Methods. I used rejection of non-substantial and substantial hypotheses as decisive evidence for substantial and trivial effects respectively, assuming sampling variation was the only source of uncertainty. I chose smallest important magnitudes and alphas (p-value thresholds) for the hypothesis tests that are appropriate for effects on athletes. I also used magnitude-based decisions (MBD), in which hypothesis-test p values are interpreted as Bayesian probabilities of magnitudes (e.g., likely substantial). I assessed all significant (p<0.05) and non-significant effects that had sufficient data to calculate p values.

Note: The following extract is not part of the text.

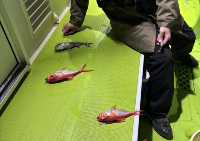 釣果情報 2月15日半夜船釣果 半夜キンメ・クロムツ船 魚種: キンメ 25~35cm 8~38尾 その他: クロムツ キンメの魚影濃く、終始ポツポツと当たりました 予報より風が吹いてきて少し早上がりとなりましたが お土産になりました 22日の半夜キンメ・クロムツ船・空... 2025.02.16 釣果情報

Results. Significance was presented as substantial and non-significance as trivial in at least 90% and 74% of presentations respectively. Of 31 assessable significant effects, only 16 (52%) were decisively substantial (rejection of a non-substantial hypothesis, pN+<0.05 or pN<0.05), while three (10%) were actually decisively trivial (rejection of both substantial hypotheses, p+<0.05 and p<0.05). Of 20 assessable non-significant effects, none (0%) was decisively trivial. MBD provided usefully nuanced probabilistic assessments of magnitude, especially for those clinically relevant effects where the hypothesis of harm but not of benefit was rejected (pH<0.005, pB>0.25; most unlikely harmful, possibly beneficial).

Discussion. There was an unacceptably high prevalence of misleading assessments of magnitude based on statistical significance and non-significance at this conference. Researchers should account for sampling variation by replacing the nil-hypothesis test with tests of substantial and non-substantial magnitudes, including magnitude-based decisions.

Keywords: Bayes, confidence, decisions, frequentist, inference, magnitude, p value, probability, sample.

Reprint pdf · Reprint docx · Slideshow: PowerPoint · Video

Rationale

In my report on presentations relevant to athletes at the annual conference of the European College of Sport Science (ECSS) last year, I noted that "almost everyone has scuttled back to nil-hypothesis significance testing (NHST) and its misinterpretations, following the attacks on magnitude-based inference (MBI)" (Hopkins, 2020b). In this article I have quantified the misinterpretations by using better ways than statistical significance and non-significance to deal with the uncertainty arising from sampling variation.

How should we interpret statistical significance and non-significance? Sander Greenland (personal communication) has offered the following… "One correct interpretation of statistical significance is that the data are not very compatible with the statistical model used to derive the test, according to some conventional criterion (usually that the P-value from the test is below 0.05). The corresponding interpretation for non-significance is that the data are fairly compatible with that model according to the criterion (Rafi & Greenland, 2020). A significant test suggests something is wrong with one of the assumptions built into the model; usually that is taken to mean that the assumption of no effect is wrong, but some other problem might be responsible for the discord between the data and the model. In contrast, a non-significant test merely means that no problem was detected–but not that there is no problem, and in particular not that there is no effect. And there is no correct plain-language interpretation–that's been the problem since the 19th century."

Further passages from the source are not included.